The High-Frequency Major Histocompatibility Complex Class I Allele Mamu-B*17 Is Associated with Control of Simian Immunodeficiency Virus SIVmac239 Replication

Abstract

Particular HLA alleles are associated with reduced human immunodeficiency virus replication. It has been difficult, however, to characterize the immune correlates of viral control. An analysis of the influence of major histocompatibility complex class I alleles on viral control in 181 simian immunodeficiency virus SIVmac239-infected rhesus macaques revealed that Mamu-B*17 was associated with a 26-fold reduction in plasma virus concentrations (P < 0.001). Mamu-B*17 was also enriched 1,000-fold in a group of animals that controlled viral replication. Even after accounting for this group, Mamu-B*17 was associated with an eightfold reduction in plasma virus concentrations (P < 0.001). Mamu-B*17-positive macaques could, therefore, facilitate our understanding of the correlates of viral control.

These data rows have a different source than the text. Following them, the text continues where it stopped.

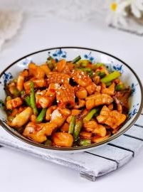 香辣鱿鱼炒蒜苔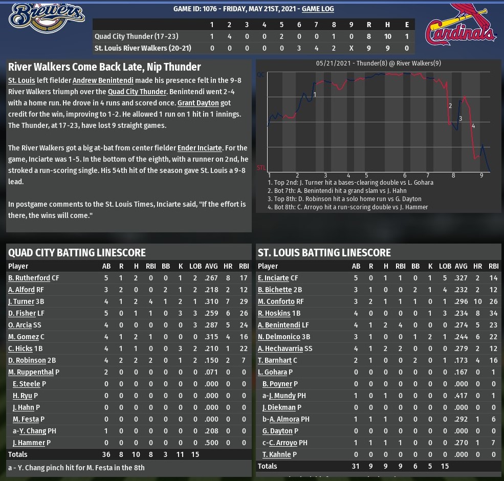Walkers news: May 21 -- St. Louis 9, Quad City 8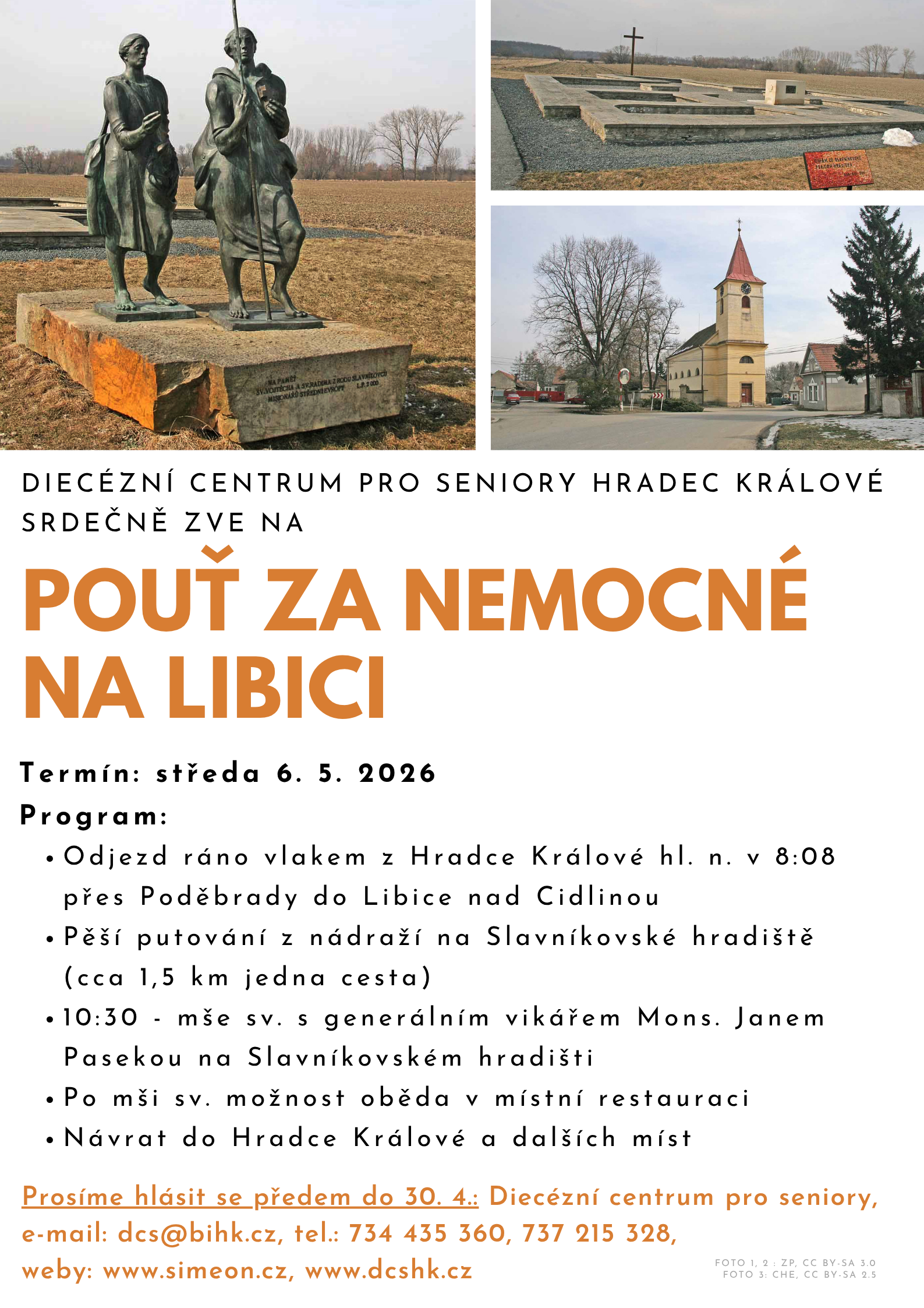 Na letošní Pouť za nemocné se vydáme ve středu 6. 5. 2026. Krátce po osmé hodině ranní vyjedeme vlakem z hlavního nádraží v Hradci Králové přes Poděbrady do Libice na Cidlinou. Pěší putování z tamního nádraží na slavníkovské hradiště je poklidná, asi 1,5 dlouhá procházka. O půl jedenácté začne mše svatá s generálním vikářem Mons. Janem Pasekou. Poté bude možnost oběda v místní restauraci a návrat do Hradce Králové.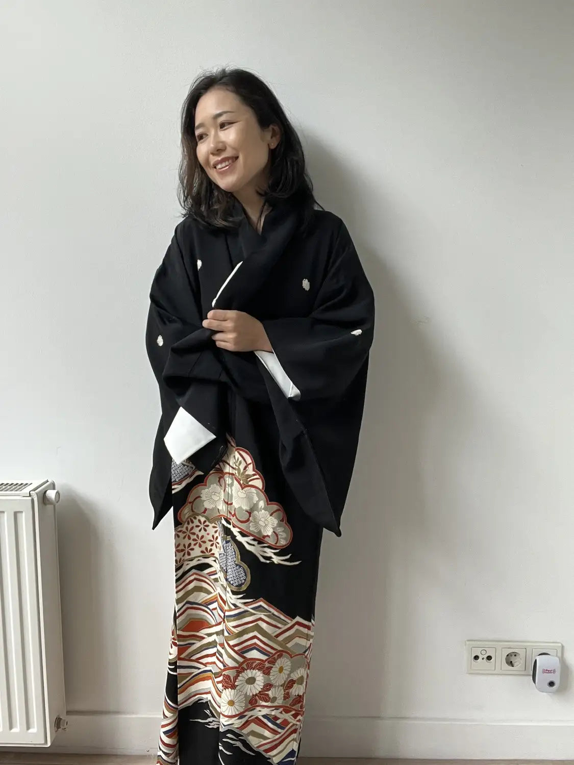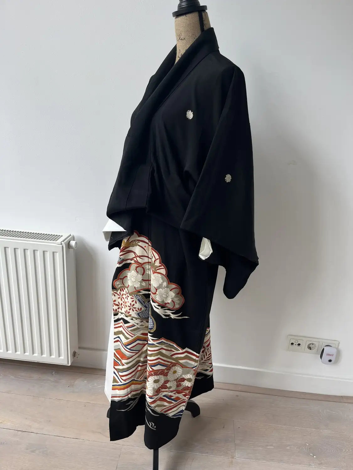 C'est un kurotomésode, le kimono le plus formel traditionnellement porté par les femmes—

Major histocompatibility complex (MHC) class I alleles have been associated with the control of human immunodeficiency virus (HIV) replication (1, 2, 3, 5, 13). The protective benefit of the MHC class I alleles HLA-B*27 and HLA-B*57 is well established, and cellular immune responses restricted by these alleles have been characterized (7, 13). Unfortunately, correlating particular responses with the control of viral replication has been difficult. The dual obstacles of HIV variability and allelic diversity of the human MHC class I loci confound interpretation of immune correlates in the rare patients who control the virus. An animal model for understanding the basis of this HLA class I-associated control of viral replication would facilitate an investigation of the underlying immune correlates of control.

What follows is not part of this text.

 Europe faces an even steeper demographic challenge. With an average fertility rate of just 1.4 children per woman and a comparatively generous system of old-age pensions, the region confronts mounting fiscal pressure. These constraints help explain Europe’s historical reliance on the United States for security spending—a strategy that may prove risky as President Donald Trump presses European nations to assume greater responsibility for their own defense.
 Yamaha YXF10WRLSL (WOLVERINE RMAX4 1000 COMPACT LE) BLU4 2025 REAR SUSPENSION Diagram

The MHC-defined Indian rhesus macaque infected with simian immunodeficiency virus (SIV) provides a tractable model system to discern the influence of MHC class I alleles on the replication of a pathogenic AIDS virus. Previous studies have reported associations between rhesus macaque MHC class I alleles and control of virus replication (9, 10, 11, 12). Here we investigate the effect of high-frequency MHC class I alleles in the Indian rhesus macaque on the control of viral replication after challenge with a clonal virus isolate.

High-frequency MHC class I allele associations with chronic-phase viral control.

To investigate whether particular high-frequency MHC class I alleles are linked to the control of pathogenic SIVmac239 replication, we measured postchallenge plasma virus concentrations in 181 Indian rhesus macaques from two independent cohorts. Multiple chronic-phase plasma virus time points were measured for each animal, from 10 weeks postchallenge through the time of sacrifice (range, 10 to 320 weeks postchallenge). All animals were infected with the clonal isolate SIVmac239.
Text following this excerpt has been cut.